The New South Wales government only recently approved the use of 36.5m long road trains to operate over 1000km of the Newell Highway, which parallels the planned Inland Rail route for much of its length.

The coastal shipping policy that continues to be promoted by the federal government is also totally at odds with its own $A 14.3bn investment in the Melbourne - Brisbane Inland Rail project.

The Rail Tram and Bus Union (RTBU) says that the federal Department for Infrastructure, Transport and Regional Development has prepared a discussion paper that recommends even further relaxation of the rules surrounding the single and continuous voyage permit system.

“If inter-state containerised freight services along the east-west corridor and Inland Rail are undermined by unfair competition from foreign shippers, then these rail lines will wind up as stranded assets for the federal government, and Australia’s domestic transport security will be outside our control,” says RTBU national secretary, Mr Mark Diamond.
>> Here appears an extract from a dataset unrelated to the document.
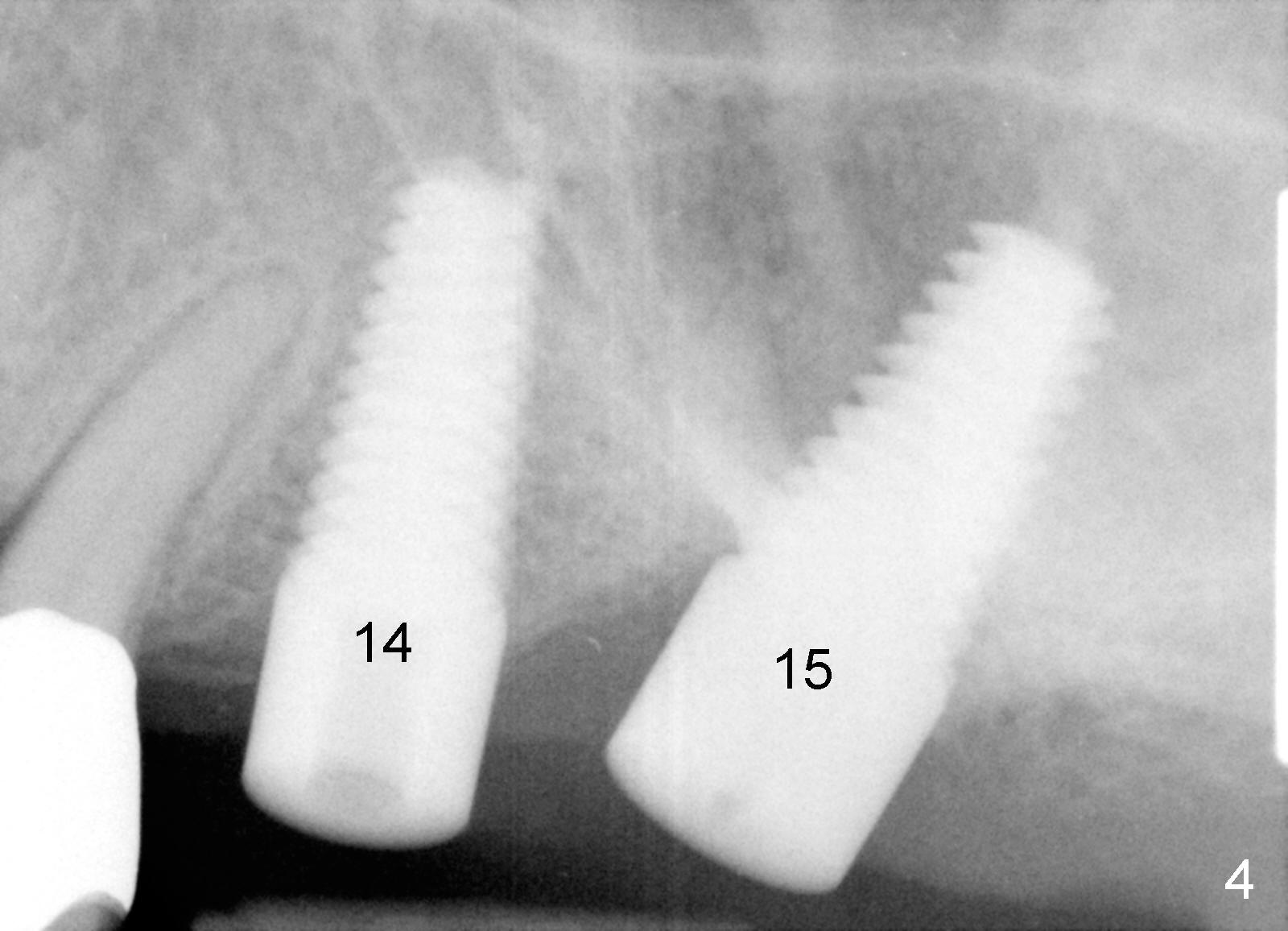 The implant at the site of #14 turned out to be not parallel to the tooth #13 (root) or the implant at the site of #15 (Fig.4), when the retainer (crown) of #13 was used as surgical guide.

This viewpoint is shared by Mr Peter Smith, owner and founder of SCT Logistics, who is very concerned about the Australian government’s transport policy. “We’ve been advising rail authorities and governments for years of the threat posed by the coastal shipping policy,” Smith says. “No other country in the world allows international ships to decimate their domestic landside logistics companies. The advantage of free access on sea and avoidance of paying taxes in Australia is a policy that if it remains unchecked, could eventually push freight trains to the west out of existence.”